When the job is built to treat people like threats, eventually someone will be treated like a target.
The collateral damage: good law enforcement loses credibility
Here’s a tension I don’t want to dodge: many local law enforcement officers take their responsibilities seriously. They live in communities. They answer to local leadership. They understand—at least in principle—that trust is part of the job.
When federal agents operate with anonymity, escalating tactics, and political cover, they don’t just harm immigrant communities or protesters or “the other side.”
They poison the public’s ability to trust anyone wearing a uniform.
They make community cooperation harder. They make routine encounters more brittle. They place decent officers under a cloud they did not create.
And then they demand loyalty anyway—“back the badge,” “trust the system,” “don’t ask questions.”
That doesn’t strengthen public safety. It hollows it out.
The knee-jerk instinct on the right: certainty without curiosity
This is the part I most want to confront, because it is so revealing of where we are as a country:
When something like this happens, many people don’t ask, “What happened?”
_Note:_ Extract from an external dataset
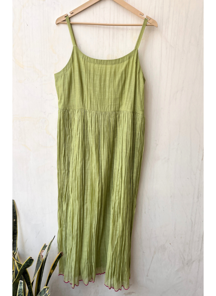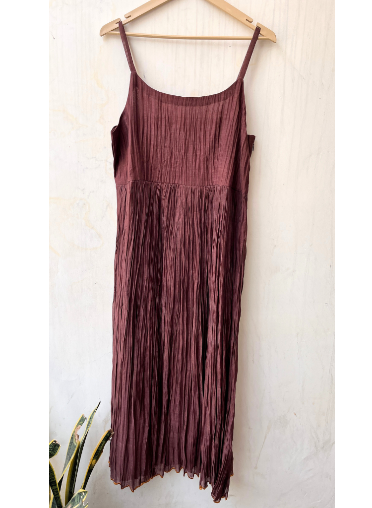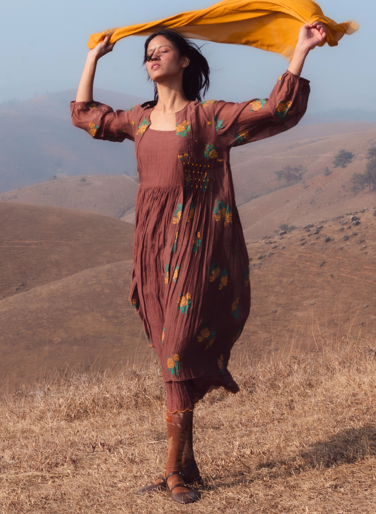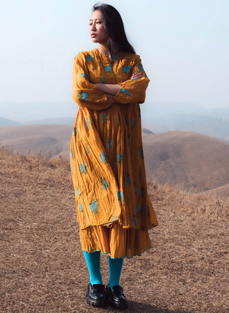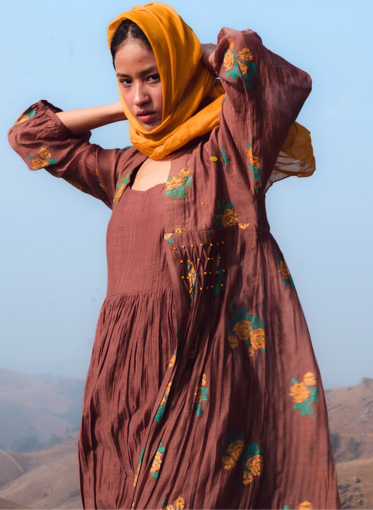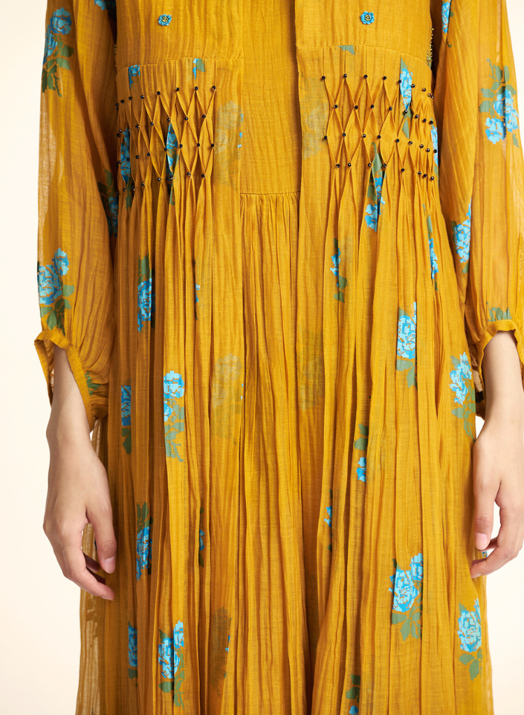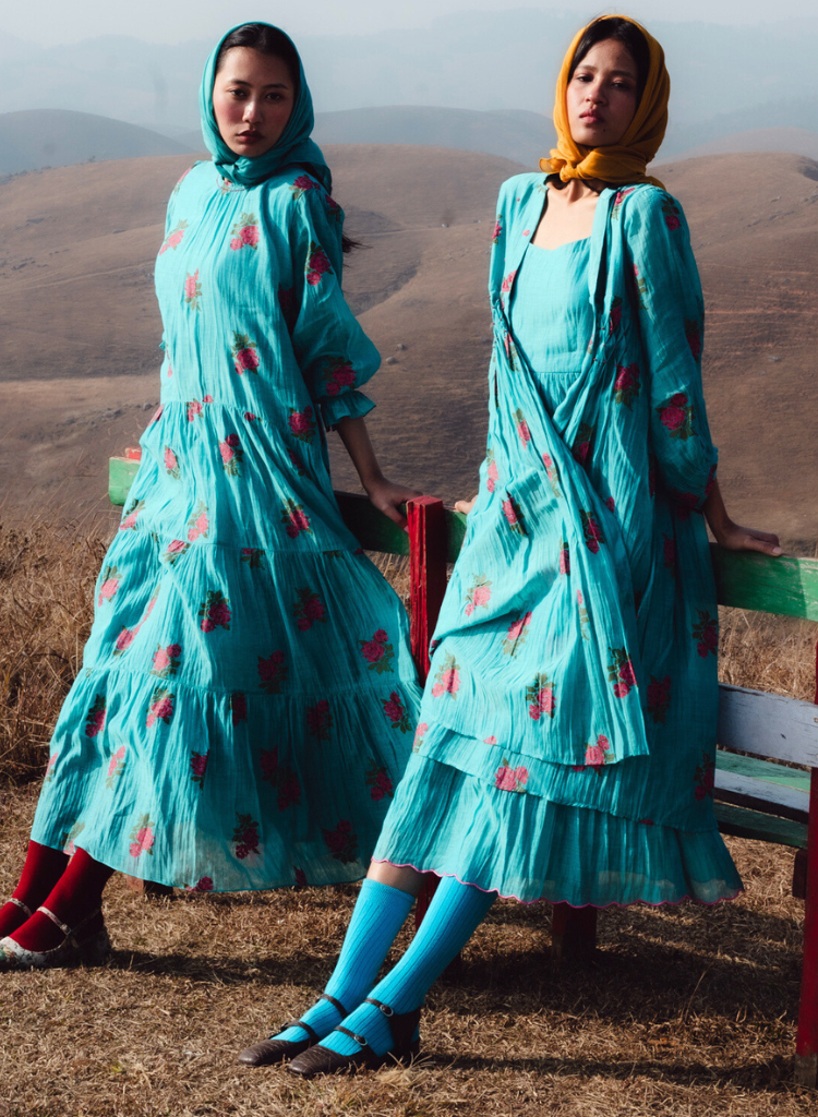 A two-piece set pairing a floral overlay and a spaghetti dress. The floral printed overlay with bead and thread embroidery features light ruffle details at neckline and long sleeves. Length 44". The spaghetti strap dress features light gather at the waist and a scallop hem. Length 48". The model is 5'7" and is wearing a size S.

They ask, “Whose team is this?”
And then the verdict arrives fully formed: Renee Good must have deserved it; the agent must have been right.
Even when evidence is disputed. Even when video raises hard questions. Even when local officials contradict the administration’s framing.
If our first instinct is always to defend authority—before we look, before we ask, before we grieve—what will we eventually excuse? And what kind of people will that make us?
It is certainty without curiosity—and it is corrosive.
It trains our moral instincts away from the most basic human discipline: to look, to listen, to tell the truth, and to refuse to dehumanize someone just because their death is politically convenient.
Closing: the common good is slower than a hot take
A society committed to the common good should be able to hold two truths at once:
Law enforcement work can be dangerous.
The state still has an absolute moral obligation to avoid unnecessary lethal force—and to tell the truth when it uses it.
Renee Good’s death is not just a story about one officer and one moment. It’s a story about a posture: escalation over restraint, anonymity over accountability, spin over humility.
Here’s a small practice I’m trying to adopt: before I repeat a claim—before I retweet, before I comment, before I decide who I think the villain is—I’m going to watch the footage, read one careful timeline, and ask one slow question: What would I want the public to demand if this were my sister?
And here’s a concrete civic ask: if federal agents are operating in our neighborhoods, they should be clearly identifiable—name, badge number, agency—every time. No anonymity. No secret-police aesthetics. Accountability isn’t anti-law-enforcement; it’s the only thing that keeps law enforcement worthy of public trust.
And the question isn’t whether this posture will come for “the other side.”
The question is when it comes for someone you love—will you finally want the truth to matter?